Zenkoku Jiren was a federation of labour unions that was formed in May 1926. In full, it was named Zenkoku Rōdō Kumiai Jiyū Rengōkai ('All-Japan Libertarian Federation of Labour Unions'), and it started off with as many as 8,372 members. The anarcho-syndicalist Ishikawa Sanshirō helped to found it and at its founding it strongly drew from syndicalist ideology, particularly mirroring the French CGT union. Its commitment to 'libertarian federation', which allowed autonomy for member unions to pursue their own disputes freely, was appealing to potential members. This meant that Zenkoku Jiren grew rapidly after its founding, and its members were heavily involved in industrial disputes. The media organ of this organisation was Jiyū Rengō, which was published from June 1926.
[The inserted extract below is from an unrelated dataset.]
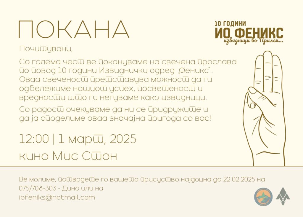 Ни претставува особена чест и задоволство да ве поканиме на свечена прослава по повод 10 годишното постоење на нашиот извиднички одред „Феникс“ – Прилеп. Свечената прослава ќе се одржува на 1 март 2025г. во 12 часот во киното Мис Стон во Прилеп.

Kokuren and Zenkoku Jiren often collaborated in activism, such as a joint campaign against the execution of Sacco and Vanzetti, two Italian anarchists in the United States. Nevertheless, the two differed, with Kokuren being more theoretical in nature and thus more unwilling to compromise. This theoretical nature was emphasised by Hatta Shūzō's influence in the organisation. Hatta published a serialised article in Kokushoku Seinen called 'An Investigation into Syndicalism' in late 1927, which harshly attacked anarcho-syndicalism, and Kokuren quickly became a stronghold of pure anarchism.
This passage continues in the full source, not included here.